Background: With the advancement of GANs and diffusion models, deepfakes have become nearly indistinguishable from real content at the semantic level; forensics must rely on extremely subtle structural anomalies. Current mainstream solutions follow a single-view holistic paradigm, using a backbone (increasingly vision foundation models like CLIP) to encode both semantic content and forgery traces into entangled representations, followed by Softmax binary classification.

Limitations of Prior Work: The authors identify the failure mode of this paradigm as the Semantic Masking Effect. Since vision backbones are inherently optimized for semantic invariance, high-amplitude identity features dominate the feature space (\(\|f_s\| \gg \|f_a\|\)), causing weak artifact signals to be ignored as shortcut noise during gradient descent. Consequently, models become overconfident on seen manipulations but fail on unseen methods or cross-domain data, with Softmax disguising these failures as high-confidence predictions.

Key Challenge: The essence of deepfake detection is "finding subtle anomalies against a strong semantic background." However, conventional backbones entangle semantic and artifact dimensions. Feature-level fusion (e.g., RGB+Frequency, Global+Local) merely concatenates two highly correlated views. The "Structure Expert" often redundantizes the "Content Expert," lacking true complementarity and failing to provide calibrated uncertainty during conflicts. Prior efforts (e.g., ICML'25) attempted SVD-based orthogonalization but relied on global low-rank assumptions, which are insensitive to sample-level artifacts.

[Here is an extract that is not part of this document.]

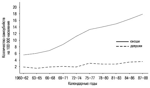 В возрасте 15–19 лет у юношей коэффициент смертности в 2 раза выше, чем у девушек. Кроме болезней и травм большой вес занимают самоубийства: среди девушек, по данным международной статистики, их значительно меньше, чем среди юношей (рис. 3.1).

Goal: (1) Completely strip artifacts from semantics at the feature level to obtain two decorrelated and complementary pieces of evidence; (2) Explicitly model conflicts between "expert opinions" as high uncertainty at the decision level, rather than being suppressed into a false high-confidence prediction by Softmax.

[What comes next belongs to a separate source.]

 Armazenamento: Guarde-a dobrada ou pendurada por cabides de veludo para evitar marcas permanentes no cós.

Key Insight: Artifacts are strictly defined as the "orthogonal complement of the semantic subspace." This geometric hard constraint is more thorough than soft regularization (e.g., contrastive learning). Furthermore, Subjective Logic is used to parameterize the output of each view as a Dirichlet distribution, allowing the "conflict coefficient" to be calculated via Dempster–Shafer theory.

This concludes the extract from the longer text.